When I was playing it, I didn’t even know what I was doing, but it
came out so beautiful. And it was also the work of the director. He
really worked on me. He told me I was fast at speech; I could say a lot
of things within a twinkle of an eye, you know I worked on radio. And
you know on radio, you have limited time to say so many things. So it
affected my speech speed. He drew my attention to it. So when we were
doing My Husband with late Jennifer Osai, the director called me and
said, ‘I love your reaction, but you really have to watch your speech
speed’, that was director Chika Onu. I took it in because I was taught
in Radio Nigeria to read to myself. That has really helped me to cut down on my speech speed. Chika Onu was also the director of Authority. He worked on me.

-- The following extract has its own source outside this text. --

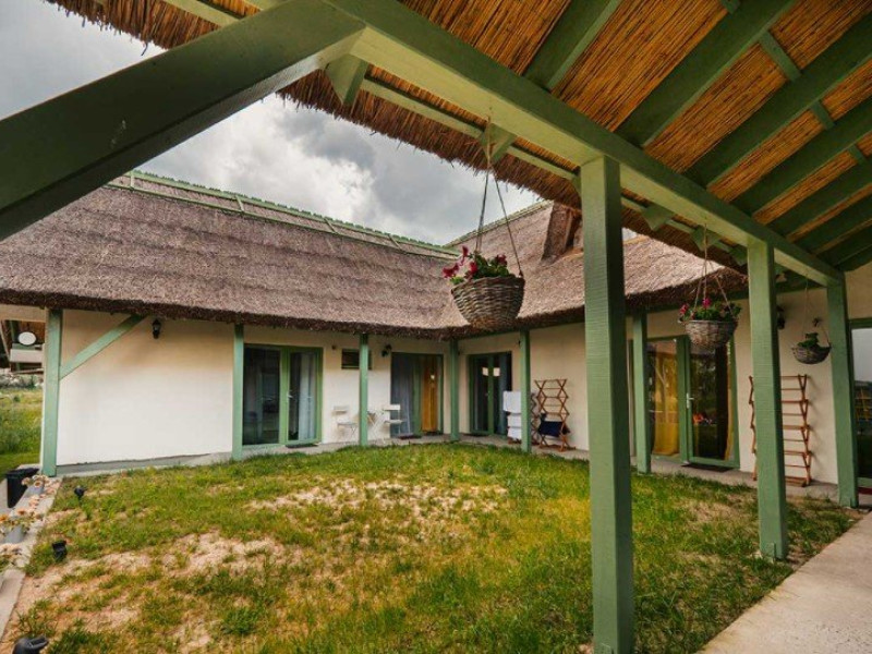 Altfel spus pensiunea Drill detine 5 camere de cazare, 2 apartamente, spatiu de servit masa, spatiu de petrecere si joc, bucatarie, baie de serviciu, terasa, foisor, dar si o curte generoasa pentru activitati in aer liber si pescuit chiar din curtea pensiunii pe canal.

Of course, the reactions will come from you, but the director will
always tell you what he wants. At a stage, if I’m working with Chika
Onu, he will say ‘Mama, I trust you to just give it to me’. He wouldn’t
even want to direct me on what to do because he builds me up with the
help of other directors. It’s usually good to learn from different
directors. I learnt from the likes of Chika Onu, Andy Chukwu, Afam
Okereke, all of them. In fact, I am lucky because I had the opportunity
to work with so many directors.
Almost every movie I shot was from different directors. And you learn
from this, you learn from another person and you gather them together.
If you are wise enough, you know what this particular director says he
doesn’t want. It’s building a house, removing some bricks and putting
some. It really worked out.
You just lost a colleague, Pete Eneh. What do you have to say about him as a colleague?
I don’t even want to remember it. I would want to say here that it was
through Pete Eneh that I came into the industry. We were so close. And I
don’t even know how to face the family. Up till now I have not gone
What do you miss most about broadcasting?
Well, what I really miss in broadcasting I get in acting. You know it
was retrenchment that affected me. It was like removing a baby’s mouth
from his mother’s breast. That was how I felt when I lost my job in
broadcasting, but it was God’s will that this one came up.
Did you see it coming?
No. But even when I was into broadcasting, I was also acting on radio. This one came because it was in the programme of God.